After the New Orleans City Council voted in 2015 to remove all the city’s statues honoring southern heroes of the Civil War, Mayor Mitch Landrieu delivered the speech last month following the displacement of the renowned General Robert E. Lee’s statue. “The Confederacy”, the Mayor declared, “was on the wrong side of humanity”. The Mayor summed up what the removal of the statues meant for the City, the South, and the Nation with these words,
“This is however about showing the whole world that we as a city and as a people are able to acknowledge, understand, reconcile and most importantly, choose a better future for ourselves making straight what has been crooked and making right what was wrong. Otherwise, we will continue to pay a price with discord, with division and yes with violence.”
The speech included reminders of two facts of the city’s history for the audience and for the nation.

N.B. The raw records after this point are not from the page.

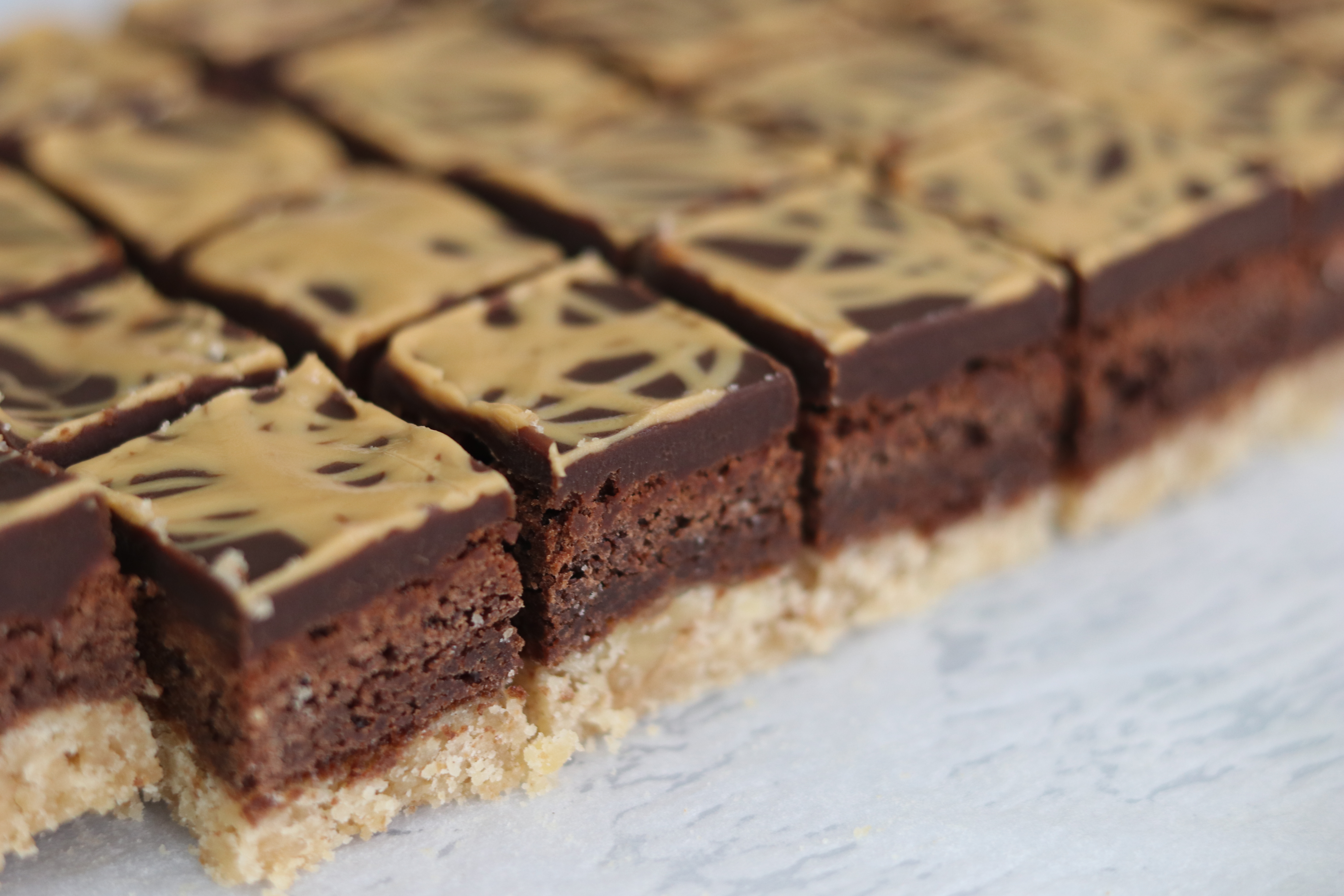 עוגת שלוש שכבות טעימה במיוחד. יש לה טעם מעודן עם נגיעות קפה וחמאת בוטנים או חלבה או נוגט או רק שוקולד.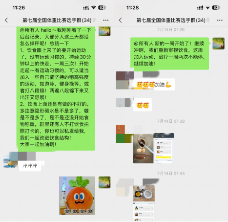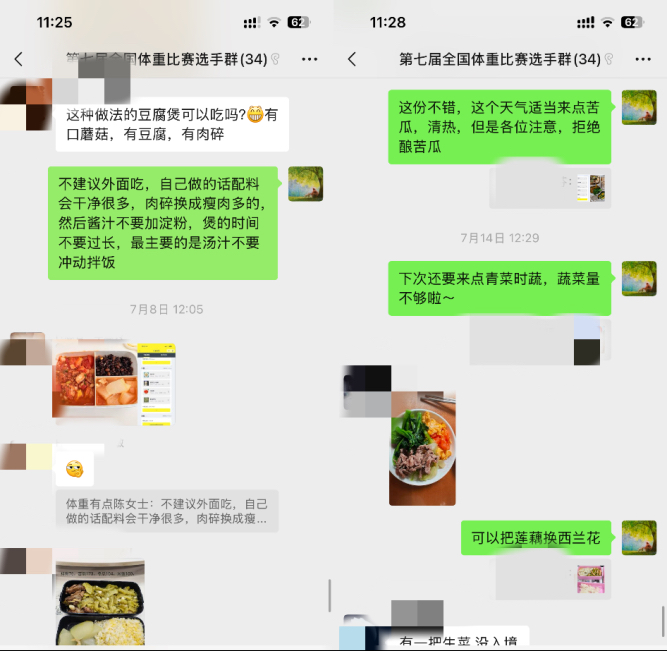 日常通过比赛群与小程序追踪选手饮食记录,要求食物称重并拍照打卡,对问题即时给出体质适配的专业建议,帮助建立 “营养均衡 + 体质适配” 的饮食理念。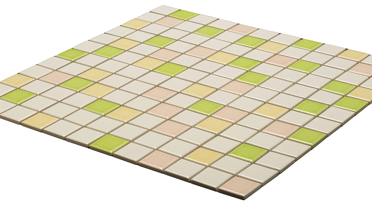 鮮やかな発色が魅力のモザイクタイル。スーパーホワイトの生地を使用しているため、明るくクリアな色合いをお楽しみ頂けます。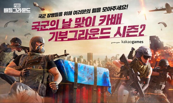 [디지털비즈온 이현주 기자] 카카오게임즈(대표 한상우)는 30일, ㈜크래프톤(대표 김창한) 펍지 스튜디오가 개발한 ‘카카오 배틀그라운드’에 국군의 날을 기념해 ‘카배 기부그라운드 이벤트 시즌 2’를 진행한다.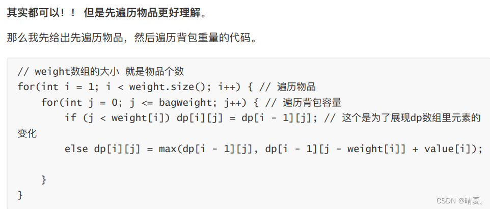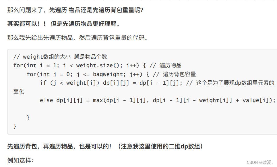 ⼆维dp数组01背包先遍历物品还是先遍历背 包都是可以的,且第⼆层for循环是从⼩到⼤遍历。

First was a reminder of the founding principle of the Southern Confederacy.
“…..the Vice President of the Confederacy, Alexander Stephens, made it clear that the Confederate cause was about maintaining slavery and white supremacy. He said in his now famous ‘cornerstone speech’ that the Confederacy’s “cornerstone rests upon the great truth, that the negro is not equal to the white man; that slavery — subordination to the superior race — is his natural and normal condition. This, our new government, is the first, in the history of the world, based upon this great physical, philosophical, and moral truth.”
Secondly, he celebrated the variety of cultures represented by those who have built the city and called New Orleans “home”.
“You see — New Orleans is truly a city of many nations, a melting pot, a bubbling caldron of many cultures. There is no other place quite like it in the world that so eloquently exemplifies the uniquely American motto: e pluribus unum — out of many we are one.”
And then, like in a great sermon, the Mayor moves and convicts us by recounting a personal experience:
“Another friend asked me to consider these four monuments from the perspective of an African American mother or father trying to explain to their fifth grade daughter who Robert E. Lee is and why he stands atop of our beautiful city. Can you do it? Can you look into that young girl’s eyes and convince her that Robert E. Lee is there to encourage her? Do you think she will feel inspired and hopeful by that story? Do these monuments help her see a future with limitless potential? Have you ever thought that if her potential is limited, yours and mine are too? We all know the answer to these very simple questions. When you look into this child’s eyes is the moment when the searing truth comes into focus for us.”
As citizens of the nation founded on the “truth” that “all men are created equal”, we know in this era of Trump that we each of us are responsible for making real and living out this lofty founding vision of the nation. We remember that the man who wrote the words of the Declaration of Independence was himself a Virginia owner of slaves who also wrote these words,
“I tremble for my country when I reflect that God is just; that his justice cannot sleep forever.” – Thomas Jefferson
Is it possible that the country will in this time of political crisis finally address some of the ugly and brutal truths of our history and move on to “form a more perfect Union”? Is it possible that in this time we in the U.S. will join in efforts to “more closely connect with integrity to the founding principles of our nation” and move toward the “justice” Thomas Jefferson only dreamed about? The unity and future health of the United States depends on it.